-- Data for analysis --
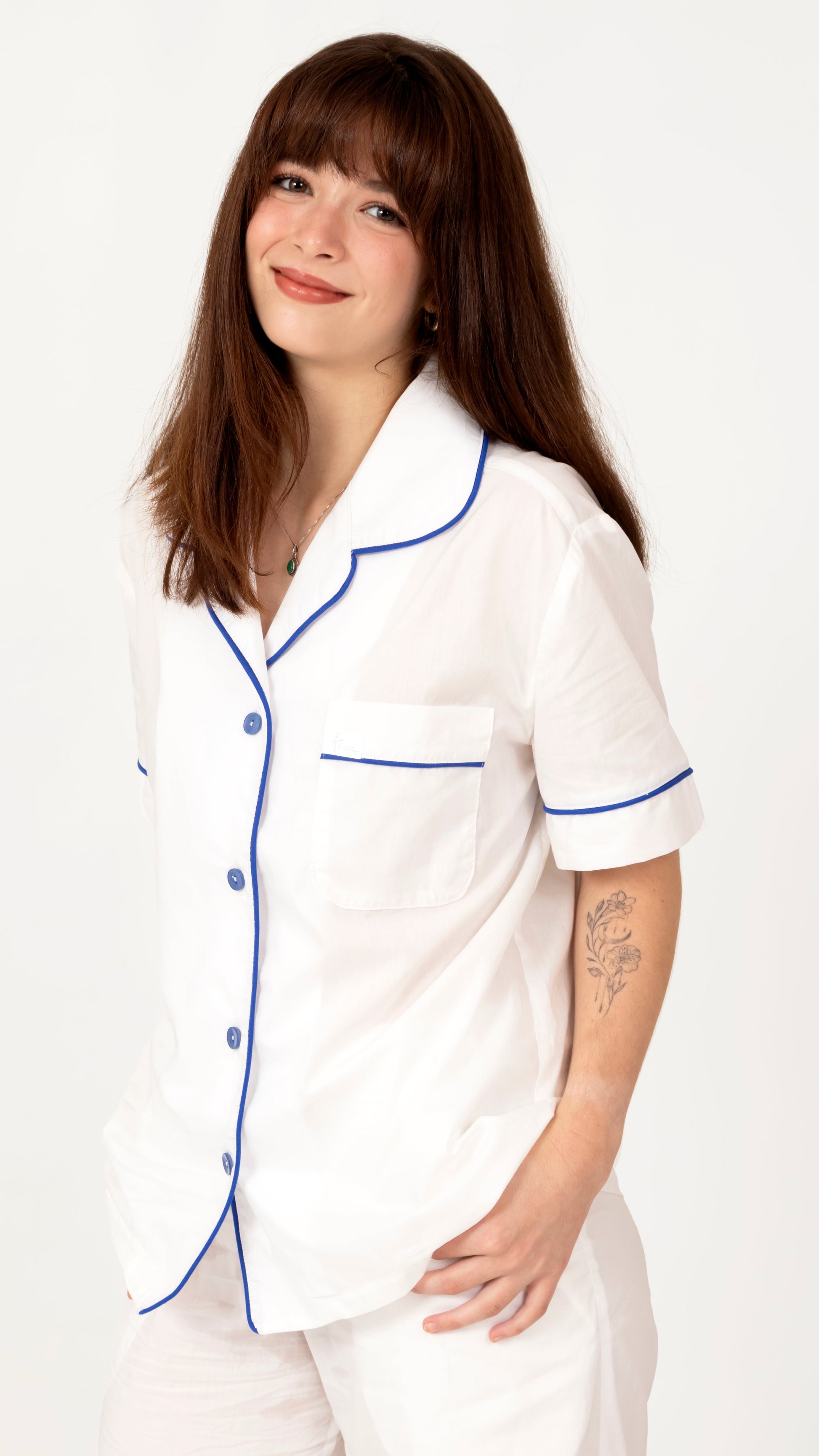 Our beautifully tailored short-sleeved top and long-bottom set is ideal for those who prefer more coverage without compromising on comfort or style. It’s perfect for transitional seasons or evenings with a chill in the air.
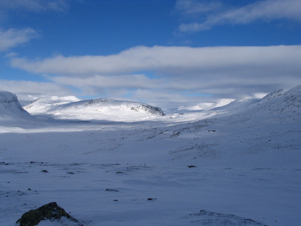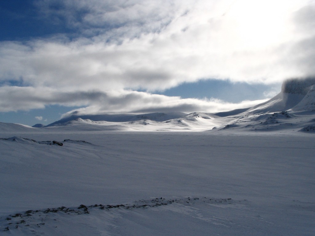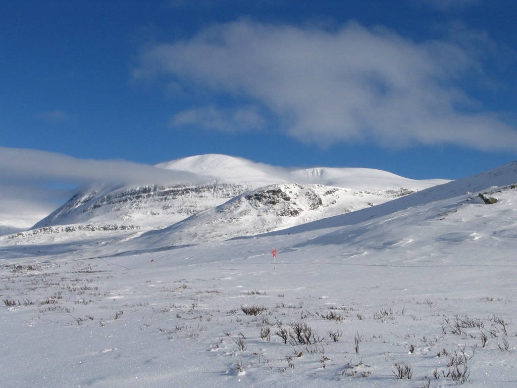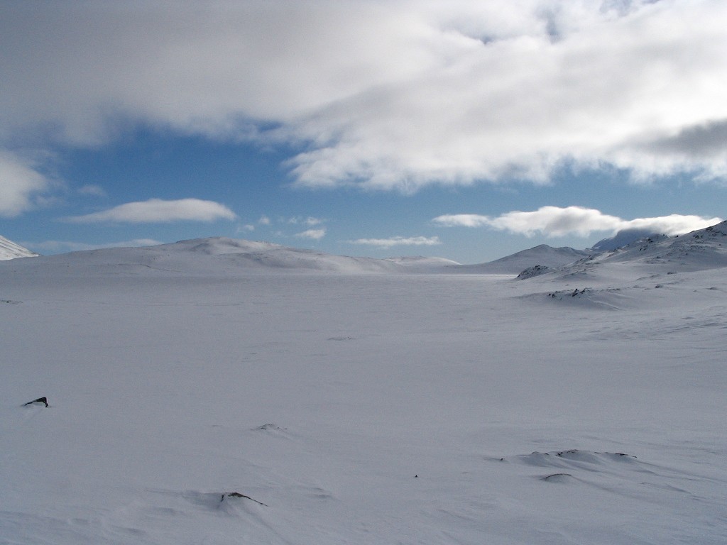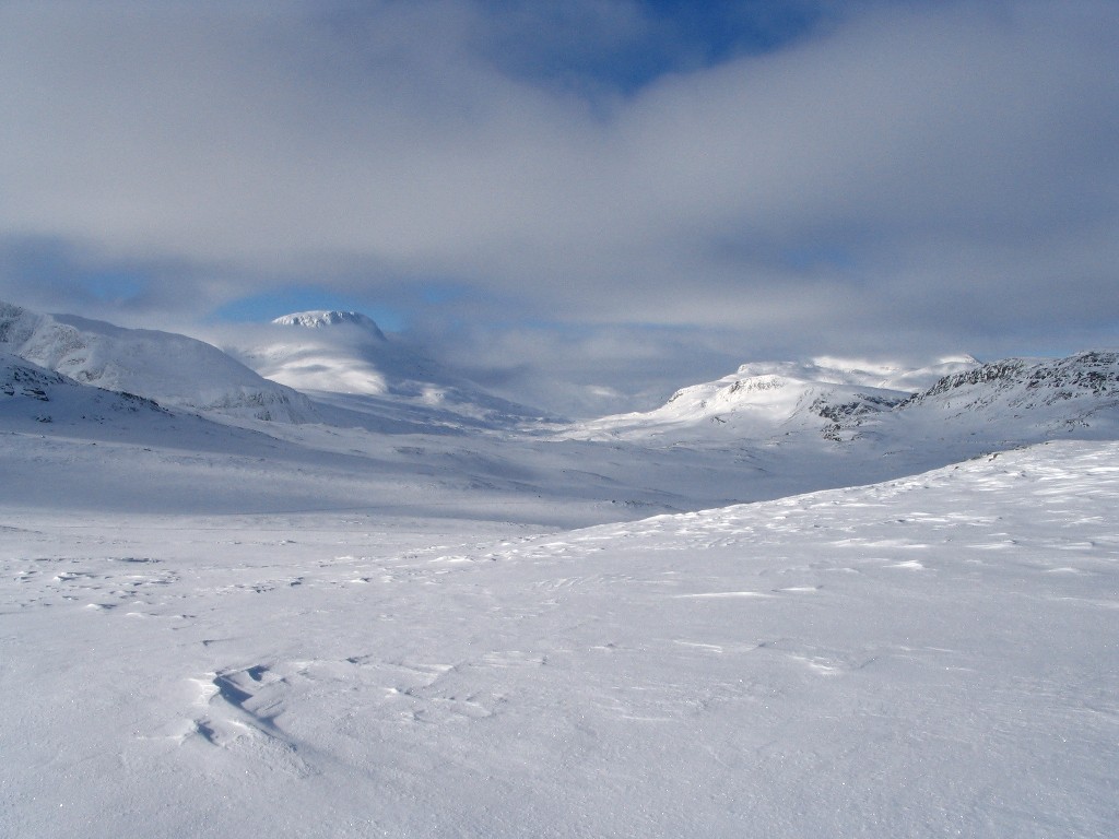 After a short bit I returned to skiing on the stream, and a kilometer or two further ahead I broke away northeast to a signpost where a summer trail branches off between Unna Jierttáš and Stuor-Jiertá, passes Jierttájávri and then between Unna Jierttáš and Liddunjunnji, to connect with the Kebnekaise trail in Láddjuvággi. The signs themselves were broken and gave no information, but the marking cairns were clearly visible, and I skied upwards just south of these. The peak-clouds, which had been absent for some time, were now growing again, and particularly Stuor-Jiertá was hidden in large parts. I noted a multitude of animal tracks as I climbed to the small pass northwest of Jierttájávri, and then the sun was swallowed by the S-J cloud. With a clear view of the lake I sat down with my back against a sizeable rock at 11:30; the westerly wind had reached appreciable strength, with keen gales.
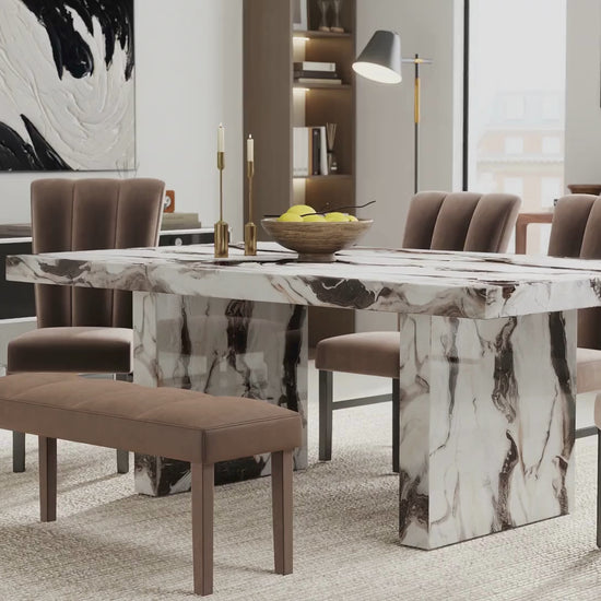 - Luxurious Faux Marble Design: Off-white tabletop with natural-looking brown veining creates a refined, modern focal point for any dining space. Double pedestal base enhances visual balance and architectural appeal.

--

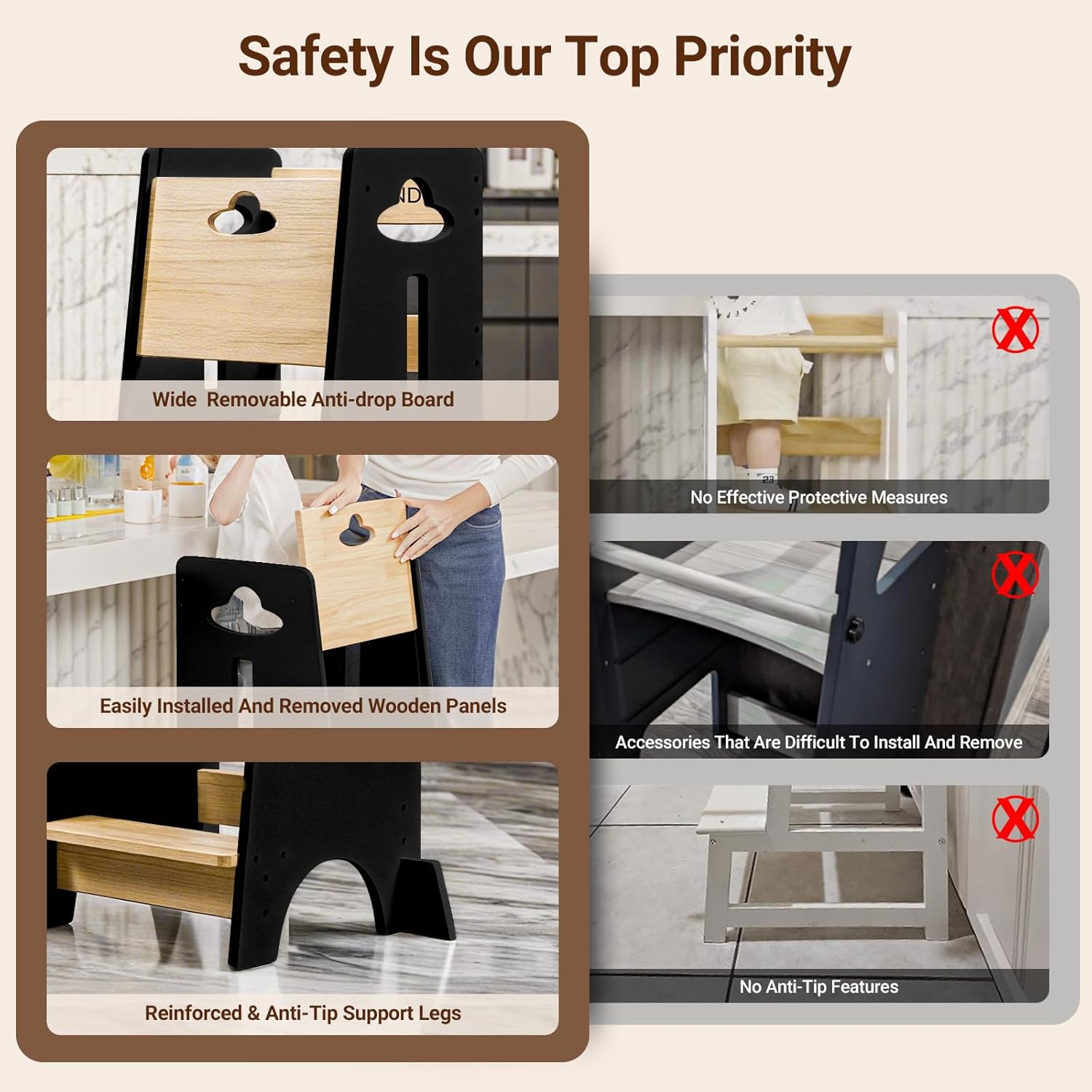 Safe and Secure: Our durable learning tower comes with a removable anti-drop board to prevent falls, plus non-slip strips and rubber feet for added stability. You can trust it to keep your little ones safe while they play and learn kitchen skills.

...

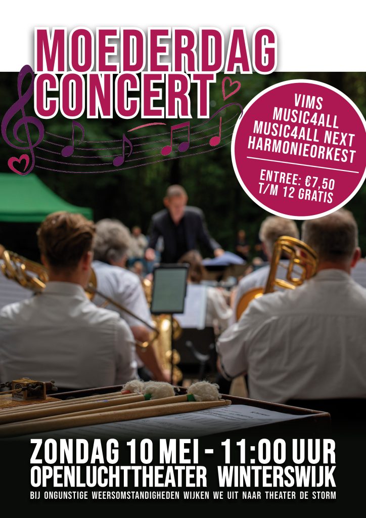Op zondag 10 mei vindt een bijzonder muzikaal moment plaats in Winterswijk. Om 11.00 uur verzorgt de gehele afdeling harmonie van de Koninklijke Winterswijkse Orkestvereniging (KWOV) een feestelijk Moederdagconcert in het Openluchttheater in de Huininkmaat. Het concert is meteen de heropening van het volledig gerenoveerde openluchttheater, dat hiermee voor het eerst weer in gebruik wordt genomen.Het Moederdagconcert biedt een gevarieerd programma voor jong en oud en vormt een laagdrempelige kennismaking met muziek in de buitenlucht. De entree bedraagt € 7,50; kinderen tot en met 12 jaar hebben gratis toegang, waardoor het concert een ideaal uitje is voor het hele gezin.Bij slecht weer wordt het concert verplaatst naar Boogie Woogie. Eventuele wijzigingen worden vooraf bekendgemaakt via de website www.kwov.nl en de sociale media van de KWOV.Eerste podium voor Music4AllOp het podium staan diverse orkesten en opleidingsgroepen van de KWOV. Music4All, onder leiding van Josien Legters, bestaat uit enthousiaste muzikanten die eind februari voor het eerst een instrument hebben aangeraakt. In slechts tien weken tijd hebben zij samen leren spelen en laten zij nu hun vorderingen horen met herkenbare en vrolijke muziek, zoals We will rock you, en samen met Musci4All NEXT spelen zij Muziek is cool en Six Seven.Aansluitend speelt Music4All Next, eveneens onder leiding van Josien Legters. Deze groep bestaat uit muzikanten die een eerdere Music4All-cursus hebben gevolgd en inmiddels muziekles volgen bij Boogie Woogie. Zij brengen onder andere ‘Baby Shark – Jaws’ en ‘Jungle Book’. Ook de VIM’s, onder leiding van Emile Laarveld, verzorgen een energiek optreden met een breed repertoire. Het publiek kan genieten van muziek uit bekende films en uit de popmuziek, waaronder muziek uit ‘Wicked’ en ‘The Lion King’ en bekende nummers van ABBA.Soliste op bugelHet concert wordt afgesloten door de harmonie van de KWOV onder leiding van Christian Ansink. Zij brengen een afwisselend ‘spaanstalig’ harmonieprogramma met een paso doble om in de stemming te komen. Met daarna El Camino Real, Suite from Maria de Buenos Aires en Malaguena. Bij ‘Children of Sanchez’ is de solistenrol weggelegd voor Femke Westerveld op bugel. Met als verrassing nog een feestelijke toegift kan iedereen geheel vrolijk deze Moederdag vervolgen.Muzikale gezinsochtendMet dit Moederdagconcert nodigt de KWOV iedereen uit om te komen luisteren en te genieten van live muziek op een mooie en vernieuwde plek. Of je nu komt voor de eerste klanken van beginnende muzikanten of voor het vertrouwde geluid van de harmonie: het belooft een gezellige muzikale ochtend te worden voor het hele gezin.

-- Task description --
Would you give again, exactly, the lines in the data above that run from the line containing "Our beautifully tailored" to the line containing "- Luxurious Faux"? Include both ends and no pictures.

-- Exercise solution --
 Our beautifully tailored short-sleeved top and long-bottom set is ideal for those who prefer more coverage without compromising on comfort or style. It’s perfect for transitional seasons or evenings with a chill in the air.
 After a short bit I returned to skiing on the stream, and a kilometer or two further ahead I broke away northeast to a signpost where a summer trail branches off between Unna Jierttáš and Stuor-Jiertá, passes Jierttájávri and then between Unna Jierttáš and Liddunjunnji, to connect with the Kebnekaise trail in Láddjuvággi. The signs themselves were broken and gave no information, but the marking cairns were clearly visible, and I skied upwards just south of these. The peak-clouds, which had been absent for some time, were now growing again, and particularly Stuor-Jiertá was hidden in large parts. I noted a multitude of animal tracks as I climbed to the small pass northwest of Jierttájávri, and then the sun was swallowed by the S-J cloud. With a clear view of the lake I sat down with my back against a sizeable rock at 11:30; the westerly wind had reached appreciable strength, with keen gales.
 - Luxurious Faux Marble Design: Off-white tabletop with natural-looking brown veining creates a refined, modern focal point for any dining space. Double pedestal base enhances visual balance and architectural appeal.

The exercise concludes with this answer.